DETROIT, Michigan (JTA) — Predicting the outcome of a basketball game is tricky business, but one observer prior to the start of the Motor City Cruise’s latest home game made an easy call: “There’s going to be a lot of yarmulkes here.”

As the stands at the 3,000-seat Wayne State University Fieldhouse filled up prior to the team’s Nov. 17 match-up with the Wisconsin Herd, that much soon proved accurate. 

Dozens of Orthodox observers, mostly young boys, took up seats in the arena to cheer for this NBA G League team. They boogied for the dance cam, played dress-up games emceed by the team announcer during the time outs and posed with Turbo, the Cruise’s blue-haired mascot. All told, the Cruise’s Orthodox contingent made up around a fifth of the game’s total spectators — and they were certainly the loudest fans in the stands.

For them, the main draw wasn’t the team itself, which is 1-6 on the season, but its new recruit: former Yeshiva University phenom Ryan Turell, 23, who joined the team only three weeks prior and was about to take the court for his second professional home game ever.

“Put in Ryan!” the kids chanted as if they were cheering on a close friend. A grinning Turell, a Detroit Pistons-branded yarmulke perched atop of his signature golden locks, reveled in their dedication, though at various points he tried to redirect the group’s cheers to something more team-oriented: pushing them to repeat “Let’s Go Cruise” or the traditional incantation “De-fense” instead of focusing on him.

But it was clear who these kids, most of them situated in a section flanking the Cruise’s bench directly behind Turell, were there to see. When Turell first entered the game at the bottom of the first quarter, the crowd erupted in cheers. They quickly pivoted their chants to “Pass it to Ryan!” When he sank a three, they erupted. 

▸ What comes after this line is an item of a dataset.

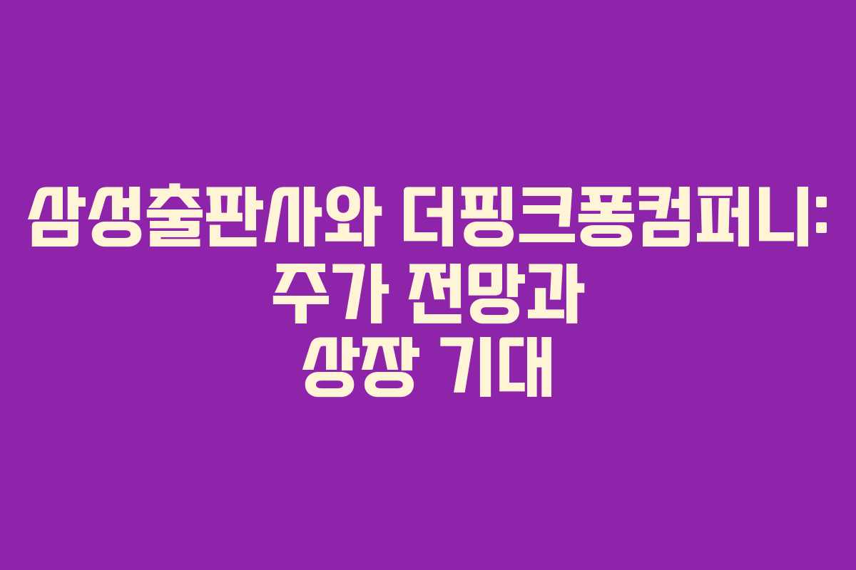 최근 한국 주식 시장에서 삼성출판사가 상한가를 기록하며 많은 투자자들의 관심을 받고 있습니다. 이번 글에서는 삼성출판사의 주가 추이와 더핑크퐁컴퍼니의 상장 일정에 대해 알아보겠습니다.
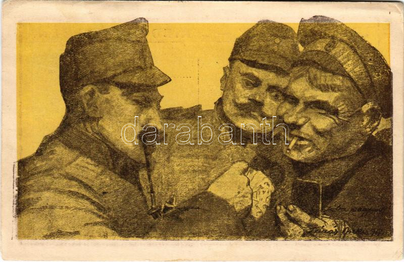 1918 "Jóba vagyunk!", I. világháborús magyar és orosz katona, Béke Lapok / WWI Hungarian and Russian soldier, peace propaganda s: Lázár Oszkár (EB)

“They listened to us, put in Ryan, and look what happened!” gushed Daniel Rodner, an 11-year-old student at the prominent local Jewish day school Yeshiva Beth Yehudah, who was at the game with classmates Chaim Indig, Chaim Tzvi Seligson and Yoni Perlman. “We’re up five points. Moral of the story: Listen to Ryan. And the crowd.”

(L-r) Yoni Perlman, Chaim Tzvi Seligson, Chaim Indig and Daniel Rodner showed up early to see Orthodox Jewish athlete Ryan Turell play for the Motor City Cruise in Detroit, Nov. 17, 2022. The four boys are classmates at Yeshiva Beth Yehudah Jewish day school in the Detroit area. (Andrew Lapin/JTA)

In contrast with the antisemitism controversy unfolding elsewhere in the NBA, as Brooklyn Nets point guard Kyrie Irving served a suspension and delivered multiple apologies after sharing antisemitic content online, an entirely different scene was playing out in Detroit: an image of Jewish joy at the thrill of having a rooting interest in the game.

“Jews love basketball. They really do,”  Turell told the Jewish Telegraphic Agency after the game. “The Jewish community is incredible, them coming out and cheering me on. It really means the world to me. And it’s special, because it’s bigger than basketball.”

The Pistons franchise has recognized this opportunity, offering kosher hot dogs at their development team’s concession stand. There are plans for an upcoming Jewish Heritage Night on Dec. 4, to feature Hanukkah gelt and menorah giveaways; opportunities for Jewish day school students to high-five and stand with Pistons players during the National Anthem,  and a game to be played between two local Jewish day school basketball teams at the Pistons’ practice facility. At the Herd game, staff photographers frequented the Turell fan section, framing images of cheering kippah- and tzitzit-clad children with their favorite player in the background. 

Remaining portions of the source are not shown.